During stage 1 of the practical, learners set up and carry out a neutralisation reaction by titration (LO1). Judge how successfully this LO has been met by observing how learners carry out the practical and the quality of their answers to the stage 1 questions. Learners then go on to calculate the actual concentration of the acid used (LO2).

During stage 2 and 3 of the practical, learners go on to produce a pure sample of chloride crystals (LO3). Judge how successfully this LO has been met by observing how learners carry out the practical and the quality of their answers to the stage 2 questions and stage 3 questions 2 and 3.

To achieve LO4, learners must carefully record the volume of acid that is neutralised by the sodium hydroxide (stage 1 question 5) and the mass of the dry crystals (stage 3, method point 3).

Learners must apply their knowledge of moles, concentration and percentage yield calculations to answer stage 3 question 5 and achieve LO5, which will provide extra challenge.

Scaffolding

Decide if this experiment is suitable to use with different classes and if learners need preliminary training in using the techniques involved in titration. The following practical assumes that you have judged the class to be capable of doing this experiment using a burette with reasonable expectation of success.

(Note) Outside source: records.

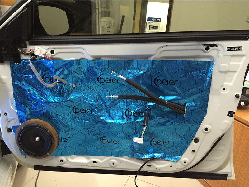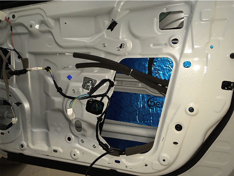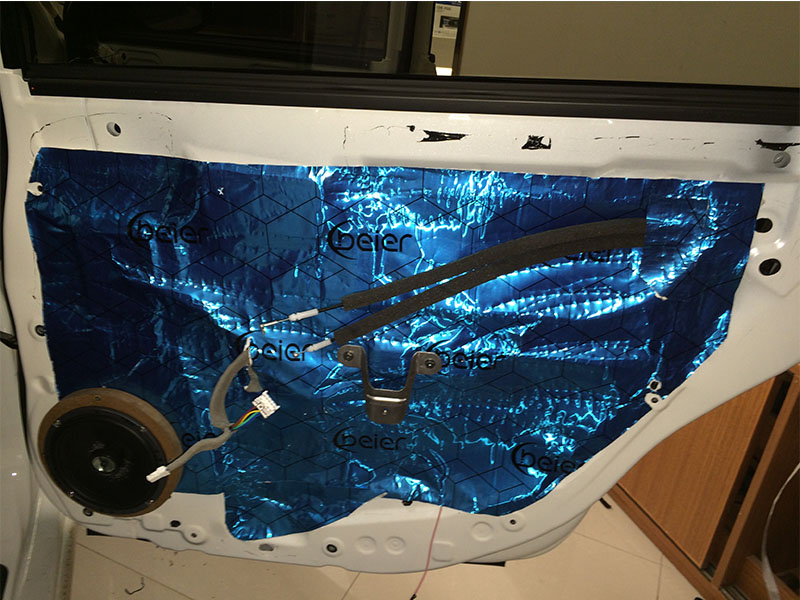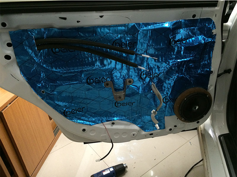 里面的一層隔音已經(jīng)做好了。現(xiàn)在開始做外面一層隔音了。門做雙層隔音為標(biāo)準(zhǔn)做法,是隔音中較為重要的,也是帶來好處較多的,不僅能夠減少門板共振與風(fēng)噪的產(chǎn)生,密封性比以前更好,門板更扎實,關(guān)門的聲音也比以前要厚實許多.雙層隔音讓門板內(nèi)部形成了類似箱體的空間,對音質(zhì)效果提升明顯
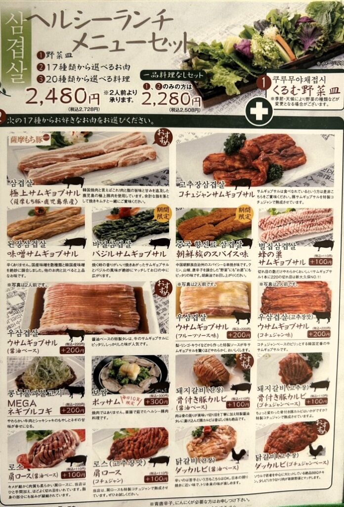 よく見かけるサムギョプサルや特に厚切りサムギョプサルもよくある中で、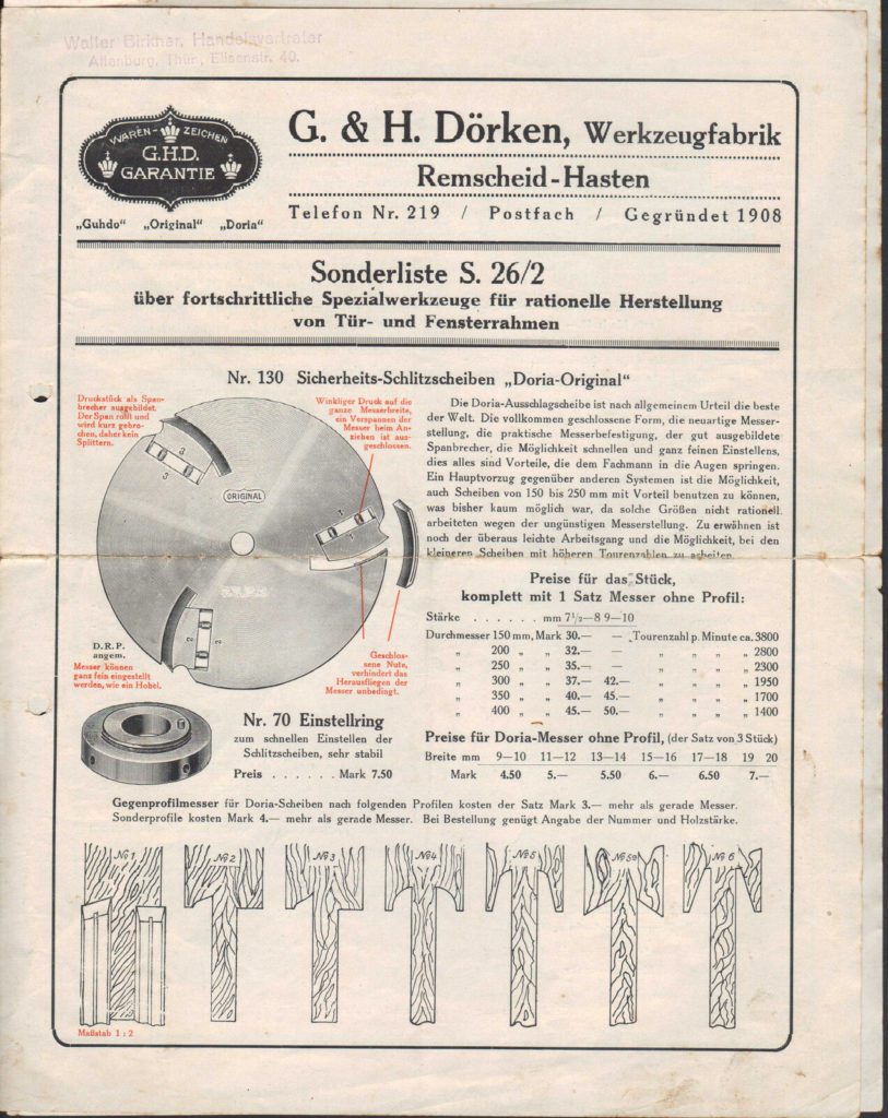 Remscheid, Germany, has a world wide reputation for being the center of precision tool manufacturing. GUHDO history began, when, in this town in 1908 brothers Gustav and Hugo Doerken founded a company to manufacture precision tools for the woodworking industry, specifically circular saw blades and machine knives (corrugated, planer knives and paper cutting knives). They named their company GUHDO, an acronym from the combination of the founder’s first and last name initials, and quickly developed an offering of popular woodworking tools. Below is undoubtedly the oldest GUHDO Sales Flyer dating back to 1925!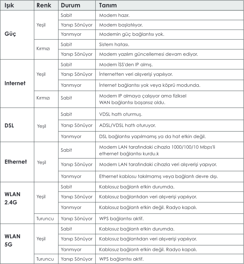 🔍 1. MODEM IŞIKLARINI KONTROL EDİN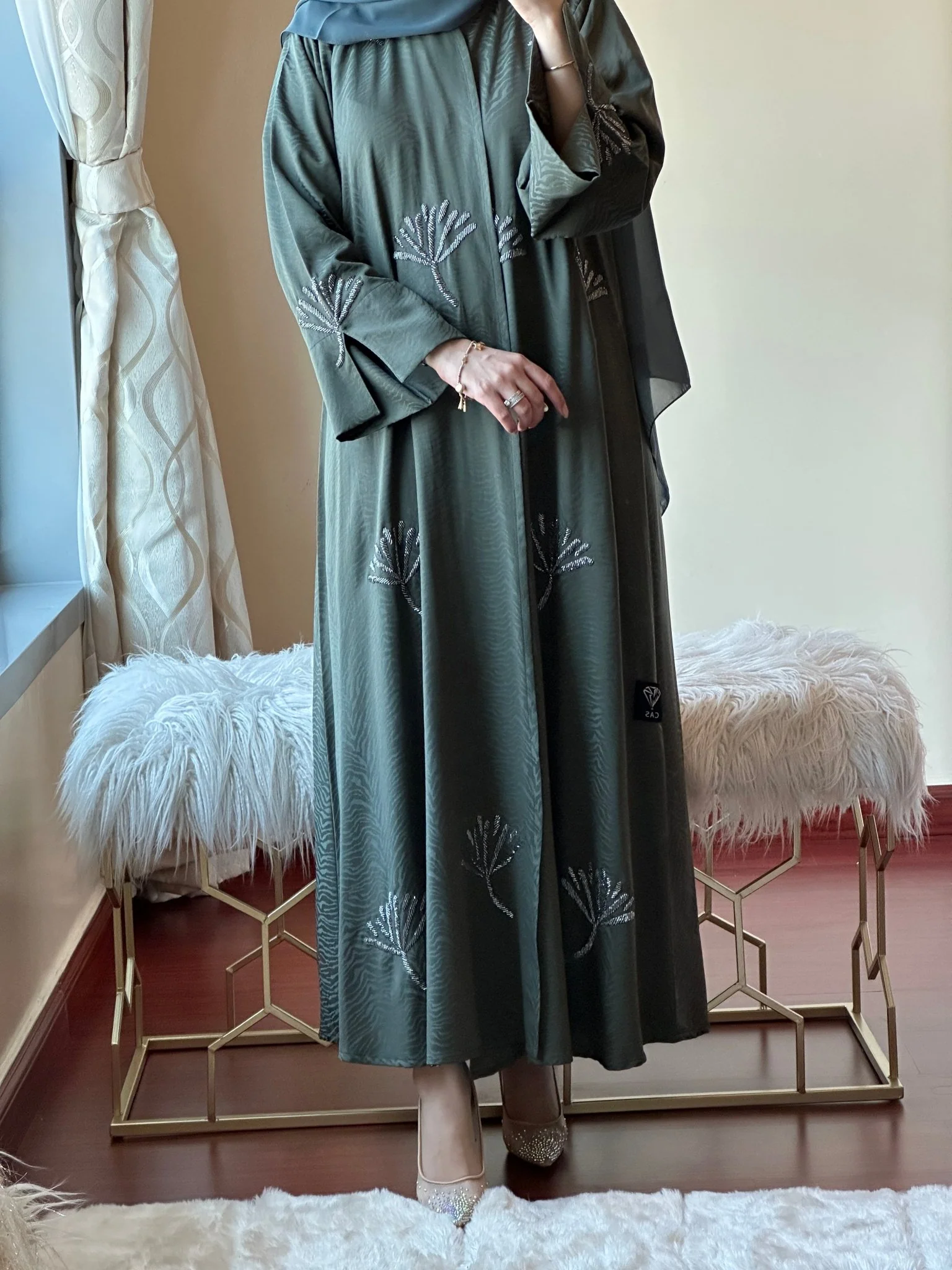 Bisht style animal print abaya with patches of silver palm trees with oversized sleeves.

There are three stages to this practical. In the accompanying presentation, each stage has three slides including a written method, integrated instructions and a set of questions. Depending on the class and the time available, learners can either work through all three stages of the practical or just carry out part of it. For example, you can do stage 1 as a teacher demonstration and once the required volume of hydrochloric acid had been determined, learners can carry out stages 2 and 3 for themselves.

Alternatively, carry out the practical over two lessons. In the first lesson, learners concentrate on the titration and producing concordant results. They will use this result in the second lesson, to produce a pure sample of sodium chloride.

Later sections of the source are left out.